## Provided material
=== Begin Enclosure ===

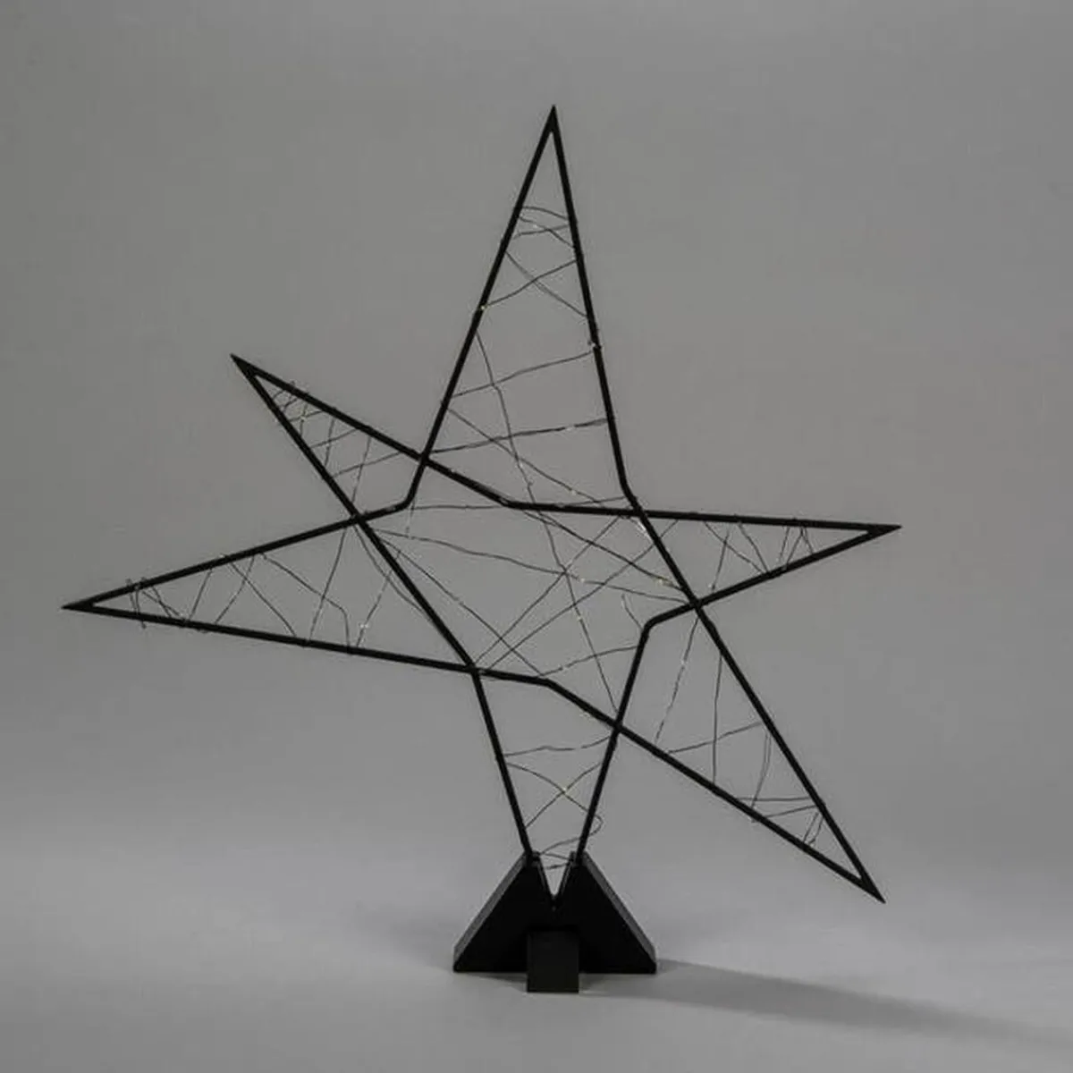 Unik borddekorasjon i form av en stjerne som kan plasseres i forskjellige posisjoner på en svart base. Laget av svart metall og utsmykket med glitrende LED-lys som sprer en varm, magisk julestemning. Drevet via USB-kabel.
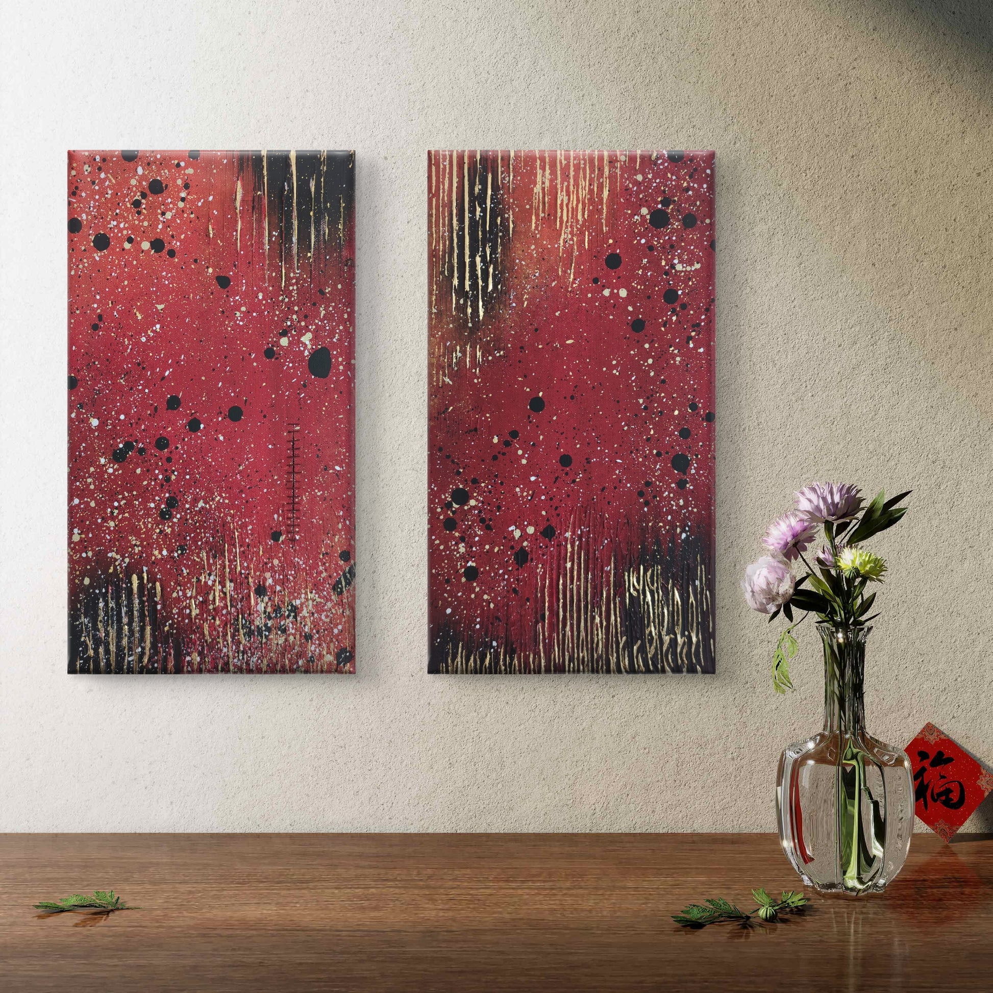 Textured Abstract Painting with acrylics and mixed media. These paintings are original and unique hand painted set of 2 canvases, each measuring 20 L x 40 H cm - 3D Canvas Depth 41MM.
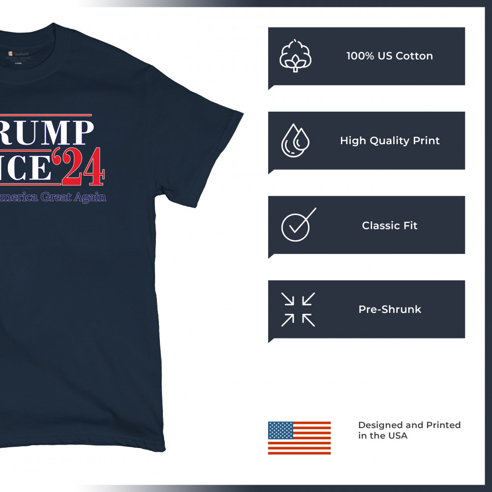 Show your support for Trump and Vance with our bold 2024 design. Perfect for rallies, events, and daily wear. Stand out with patriotic pride.
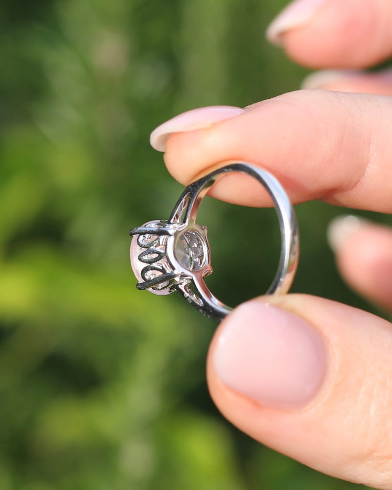 This ring is such a fabulous filigree and soft pink roses vibe. The roses quartz has that amazing slight opaqueness and as you stare through the facets the translucence and opaqueness dance in the palest shade of pink. This stone is a lovely statement size - 10mm and the setting is fabulous too. The basket is filigree - and we love the delicate shapes against the soft tones of the ring.

=== End Enclosure ===

## What to do
Leave the pictures out and return the rest of the material exactly.

## Task response
 Unik borddekorasjon i form av en stjerne som kan plasseres i forskjellige posisjoner på en svart base. Laget av svart metall og utsmykket med glitrende LED-lys som sprer en varm, magisk julestemning. Drevet via USB-kabel.
 Textured Abstract Painting with acrylics and mixed media. These paintings are original and unique hand painted set of 2 canvases, each measuring 20 L x 40 H cm - 3D Canvas Depth 41MM.
 Show your support for Trump and Vance with our bold 2024 design. Perfect for rallies, events, and daily wear. Stand out with patriotic pride.
 This ring is such a fabulous filigree and soft pink roses vibe. The roses quartz has that amazing slight opaqueness and as you stare through the facets the translucence and opaqueness dance in the palest shade of pink. This stone is a lovely statement size - 10mm and the setting is fabulous too. The basket is filigree - and we love the delicate shapes against the soft tones of the ring.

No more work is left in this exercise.